The Righteous One’s ABC’s of Discernment between the Godly & the Wicked

a brief study of Psalm 37, adapted from PCC Prayer Meeting Exhortation on 16 Feb 2007

Psalm 37 is one of the seven Acrostic Psalms found in the Psalter. It is a wisdom Psalm that can be taken in the lips of all of God’s children—whether only begotten or adopted.

But as you read the Psalm, you will notice how the words appear to flow out of the lips of our Lord and how they describe Him.

Consider verse 30 and 31—

“The mouth of the righteous speaketh wisdom, and his tongue talketh of judgment. The law of his God is in his heart; none of his steps shall slide” (Ps 37:30-31).

Who would fit these words as exactly as our Lord? Indeed it seems almost, as someone put it, a full portrait of the Lord—who is altogether righteous in words, thought and deed!

And consider verse 11—

11 But the meek shall inherit the earth; and shall delight themselves in the abundance of peace.

And verse 22—

22 For such as be blessed of him shall inherit the earth; and they that be cursed of him shall be cut off.

Are these not the words of the Lord, who says in the 3rd Beatitude, Matthew 5:5—?

“Blessed are the meek: for they shall inherit the earth” (Mt 5:5)
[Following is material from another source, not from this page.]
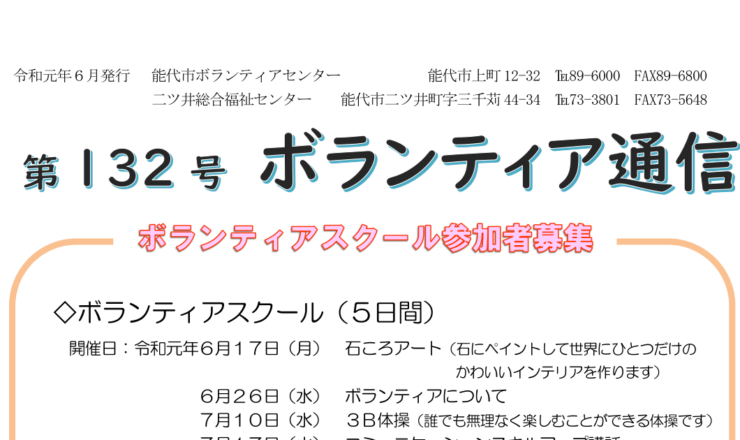 ボランティア通信 第132号(令和1年6月発行)を掲載しました。 ダウンロードはこちら

Or consider verse 10—“For yet a little while, and the wicked shall not be…”

Do these words not remind us of the Lord’s words to His disciples?

“A little while, and ye shall not see me: and again, a little while, and ye shall see me, because I go to the Father. &c” (Jn 16:16ff)

In a little while, we shall see the Lord, and the wicked shall be no more. They shall not trouble us any more.

It is hard not to see how Psalm 37 is the word of Christ given to us that we may join Him to sing to teach and admonish one another in the way of the Lord.

In particular, in this psalm, our Lord teaches us to not fret or to become envious because of evildoers or workers of iniquity (v. 1).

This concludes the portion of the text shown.